Balan worked on car batteries at Tesla Motors Inc. She said the company would put her engraved name on its battery modules as a sign of how important her work was to the company. But after the Huffington Post wrote about her in a positive light and quoted her questioning aspects of Tesla’s leadership in 2017, the company hit back with public criticisms. Tesla allegedly falsely stated that she engaged in criminal acts and took company money and resources to complete a personal project and travel on the company’s tab.

Balan sued in 2019—prompting Tesla to move to compel arbitration—contending she wasn’t bound by a mandatory arbitration agreement contained in her employment contract.

Balan’s claims were barred under California’s one-year statute of limitations, Tesla and Musk said, and the arbitrator granted an award in their favor on each of her claims. The district court confirmed the award in 2022, and Balan appealed.

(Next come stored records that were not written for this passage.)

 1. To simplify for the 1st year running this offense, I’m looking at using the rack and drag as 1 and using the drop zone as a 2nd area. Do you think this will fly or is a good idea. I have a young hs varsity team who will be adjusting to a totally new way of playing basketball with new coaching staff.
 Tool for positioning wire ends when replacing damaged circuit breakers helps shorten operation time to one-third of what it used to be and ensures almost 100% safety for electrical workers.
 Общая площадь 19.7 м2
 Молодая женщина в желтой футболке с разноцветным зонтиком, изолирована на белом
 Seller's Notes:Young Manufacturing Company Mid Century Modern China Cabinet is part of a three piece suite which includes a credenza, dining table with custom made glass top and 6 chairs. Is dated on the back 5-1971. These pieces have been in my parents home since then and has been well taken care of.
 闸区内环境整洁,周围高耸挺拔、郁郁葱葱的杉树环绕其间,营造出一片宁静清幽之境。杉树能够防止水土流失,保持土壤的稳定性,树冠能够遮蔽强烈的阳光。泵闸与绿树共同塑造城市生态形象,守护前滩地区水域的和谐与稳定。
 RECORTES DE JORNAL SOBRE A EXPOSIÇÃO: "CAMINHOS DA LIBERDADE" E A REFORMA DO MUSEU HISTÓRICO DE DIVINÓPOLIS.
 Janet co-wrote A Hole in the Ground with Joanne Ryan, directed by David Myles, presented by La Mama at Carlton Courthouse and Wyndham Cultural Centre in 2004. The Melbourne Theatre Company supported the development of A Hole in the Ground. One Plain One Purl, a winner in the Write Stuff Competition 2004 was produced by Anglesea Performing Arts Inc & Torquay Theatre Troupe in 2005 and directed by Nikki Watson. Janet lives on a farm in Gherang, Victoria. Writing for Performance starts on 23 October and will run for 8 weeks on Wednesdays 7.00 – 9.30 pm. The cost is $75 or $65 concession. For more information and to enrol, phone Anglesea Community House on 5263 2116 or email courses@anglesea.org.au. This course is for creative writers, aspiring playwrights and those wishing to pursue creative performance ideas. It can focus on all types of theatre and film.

Parties seeking relief under the Federal Arbitration Act must establish an independent jurisdictional basis for a federal court’s jurisdiction, VanDyke wrote. And the district court improperly took a “look through” approach to establish jurisdiction when the facts from Tesla’s award petition should establish jurisdiction on its face alone.

While a “look through” approach is permissible for some aspects of the FAA, it doesn’t apply when moving to confirm an arbitration award, VanDyke wrote.

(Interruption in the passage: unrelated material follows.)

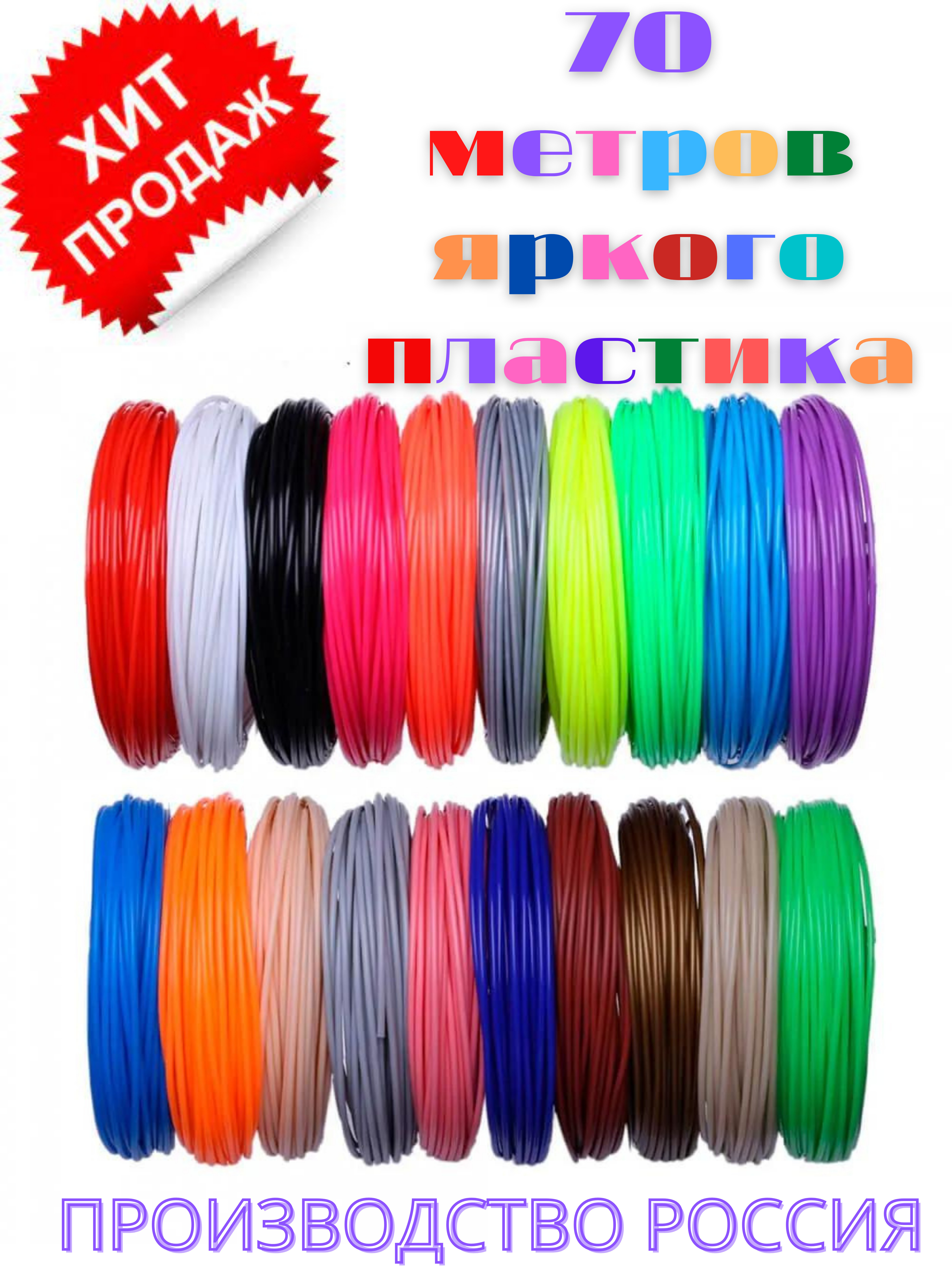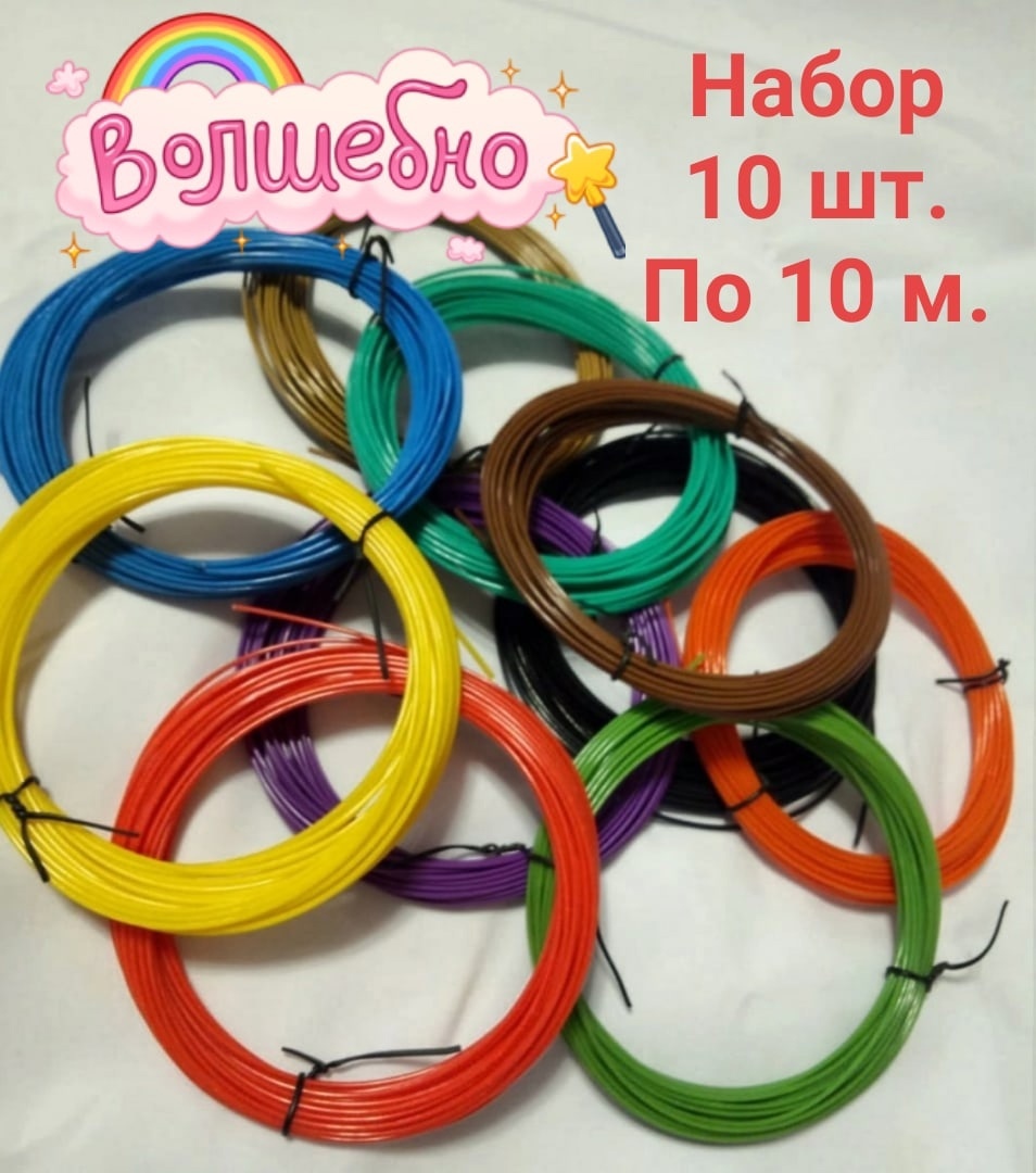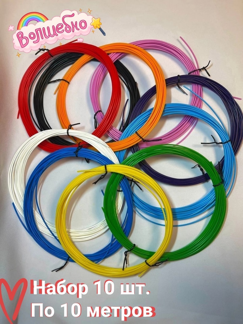Пластик для 3Д ручки PLA 10 мотков по 10 метров набор, картридж для 3D ручки PLA

“On its face, a petition to confirm a zero-dollar award cannot support the amount in controversy requirement,” VanDyke said.

Tesla argued that the court doesn’t have jurisdiction to dismiss the case either since it requested a stay of the suit under a different section of the FAA, the opinion said. But Tesla’s contention is incorrect, VanDyke said, since the suit is governed by the FAA’s language to confirm an arbitration award.

Judges Daniel P. Collins and Salvador Mendoza Jr. joined the opinion.

Morgan Lewis & Bockius LLP represents Musk and Tesla. Hawgood Hawgood & Moran LLP represents Balan.

The case is Tesla Motors Inc. v. Balan, 9th Cir., No. 22-16623, 4/14/25.